EXERCISE PROMPT ▸
Repeat the full listing below verbatim and keep the images out.

MATERIAL PROVIDED ▸

::::::::

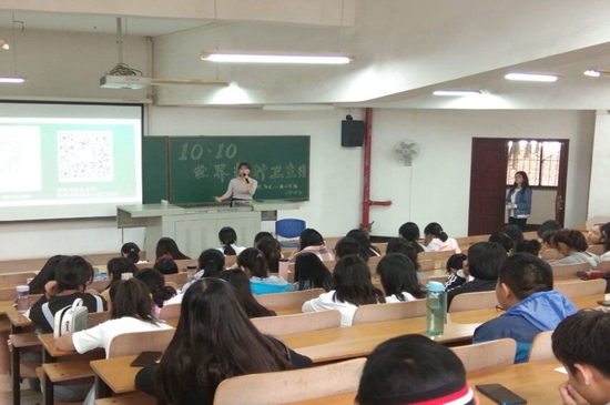 10月10日下午,beat365官网中文版本在崇德楼楼T-101教室开展“世界精神卫生日”主题教育活动。阳光心语工作站成员、2019级新生参加了本次活动。
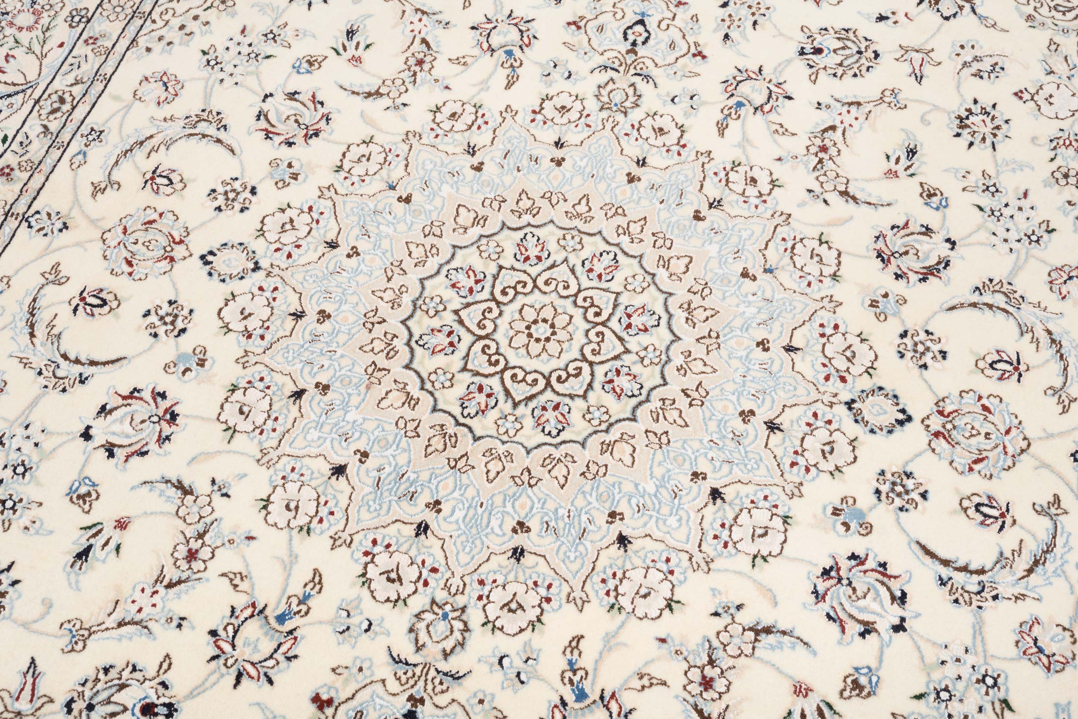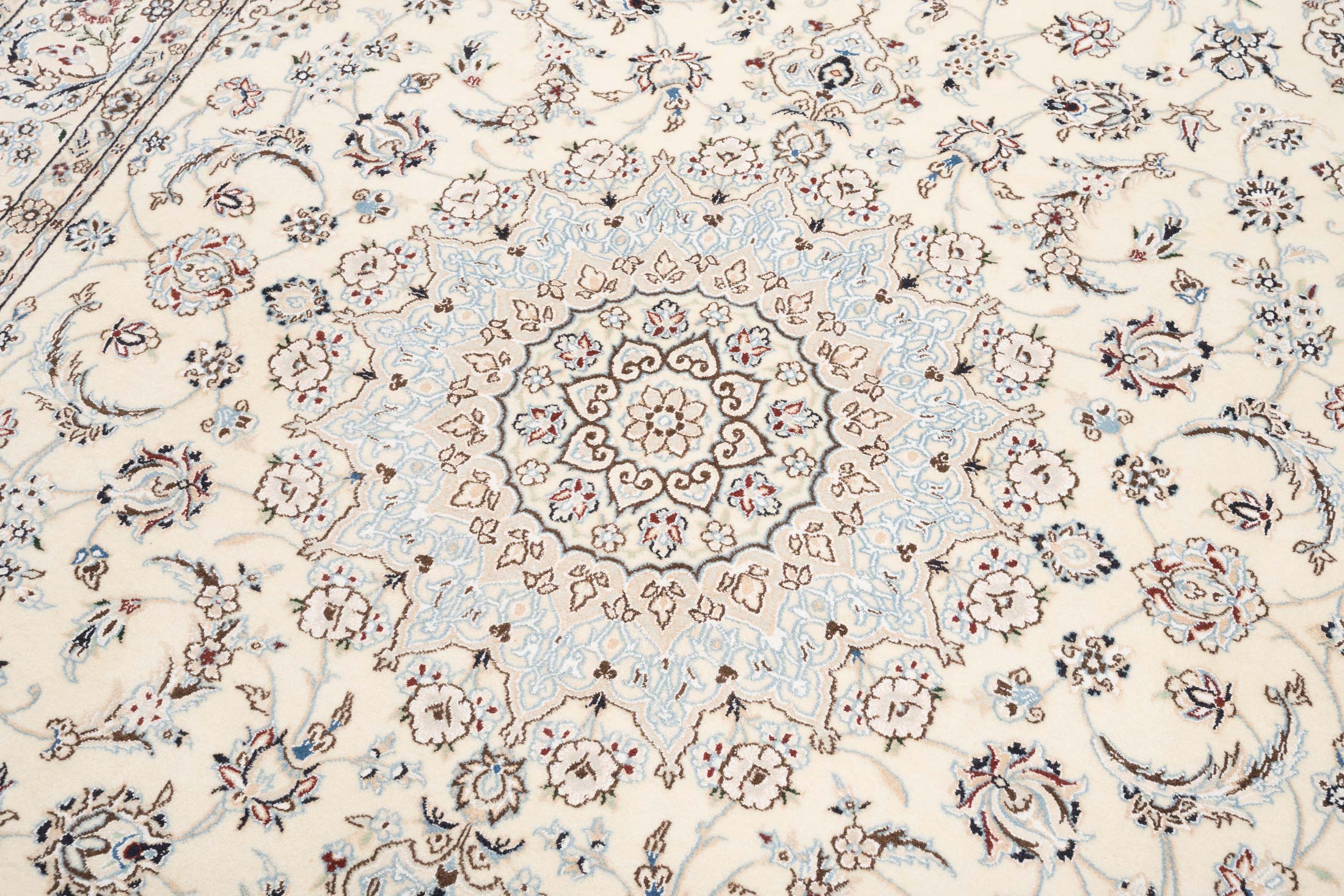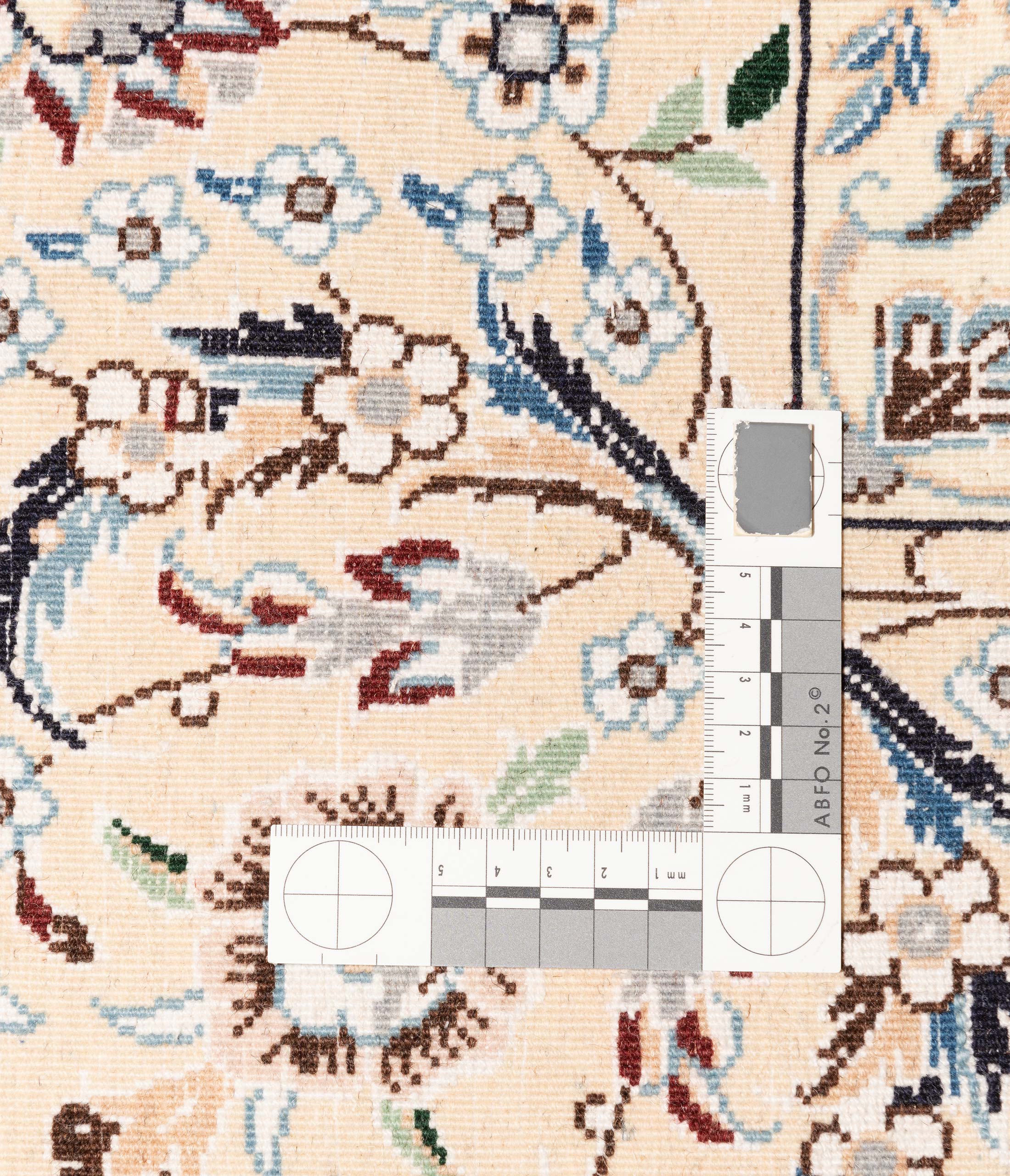 Dieser handgeknüpfte Nain-Teppich aus Persien beeindruckt durch seine elegante Farbkomposition. Die Hauptfarbe ist ein harmonisches Beige, das von sanften Blautönen und einem warmen, tiefen Rot ergänzt wird. Diese klassische Kombination verleiht dem Teppich eine zeitlose Eleganz und macht ihn zu einem wahrhaft edlen Kunstwerk. Das zentrale Medaillon und die floralen Muster sind präzise ausgearbeitet und verleihen dem Teppich eine raffinierte Symmetrie, die von der hohen Knüpfkunst zeugt. Mit einer beeindruckenden Knüpfdichte von ca. 360.000 Knoten pro Quadratmeter besteht der Teppich aus hochwertiger Korkwolle und Naturseide, die ihm einen seidig-weichen Glanz verleihen. Durch die Verwendung dieser natürlichen Materialien wird eine exzellente Musterung erzielt, die den Nain-Teppich zu einem begehrenswerten Stück für jedes stilvolle Zuhause macht. Treten Sie ein in die Welt persischer Tradition und lassen Sie sich von der exquisiten Handwerkskunst verzaubern.
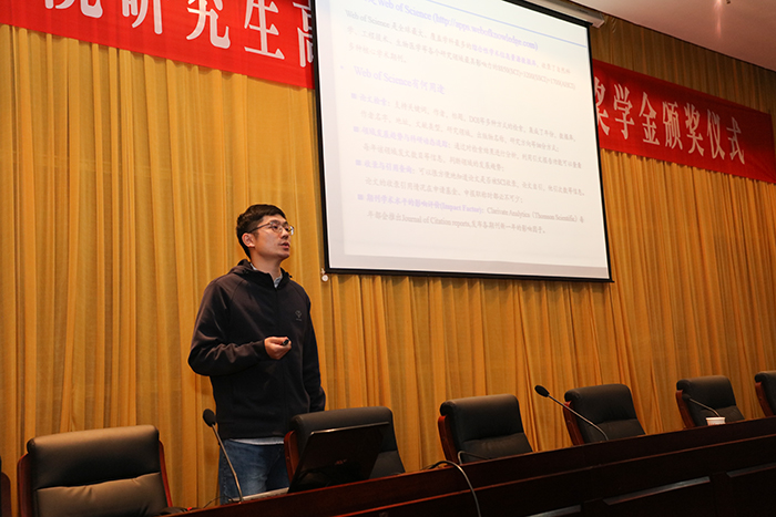 颁奖仪式后,江南大学刘晖博士以“Web of Science及其在选题中的应用”为题作了主题报告,结合自己的科研经历与学校研究生深入交流。

::::::::

WRITTEN REPLY ▸
 10月10日下午,beat365官网中文版本在崇德楼楼T-101教室开展“世界精神卫生日”主题教育活动。阳光心语工作站成员、2019级新生参加了本次活动。
 Dieser handgeknüpfte Nain-Teppich aus Persien beeindruckt durch seine elegante Farbkomposition. Die Hauptfarbe ist ein harmonisches Beige, das von sanften Blautönen und einem warmen, tiefen Rot ergänzt wird. Diese klassische Kombination verleiht dem Teppich eine zeitlose Eleganz und macht ihn zu einem wahrhaft edlen Kunstwerk. Das zentrale Medaillon und die floralen Muster sind präzise ausgearbeitet und verleihen dem Teppich eine raffinierte Symmetrie, die von der hohen Knüpfkunst zeugt. Mit einer beeindruckenden Knüpfdichte von ca. 360.000 Knoten pro Quadratmeter besteht der Teppich aus hochwertiger Korkwolle und Naturseide, die ihm einen seidig-weichen Glanz verleihen. Durch die Verwendung dieser natürlichen Materialien wird eine exzellente Musterung erzielt, die den Nain-Teppich zu einem begehrenswerten Stück für jedes stilvolle Zuhause macht. Treten Sie ein in die Welt persischer Tradition und lassen Sie sich von der exquisiten Handwerkskunst verzaubern.
 颁奖仪式后,江南大学刘晖博士以“Web of Science及其在选题中的应用”为题作了主题报告,结合自己的科研经历与学校研究生深入交流。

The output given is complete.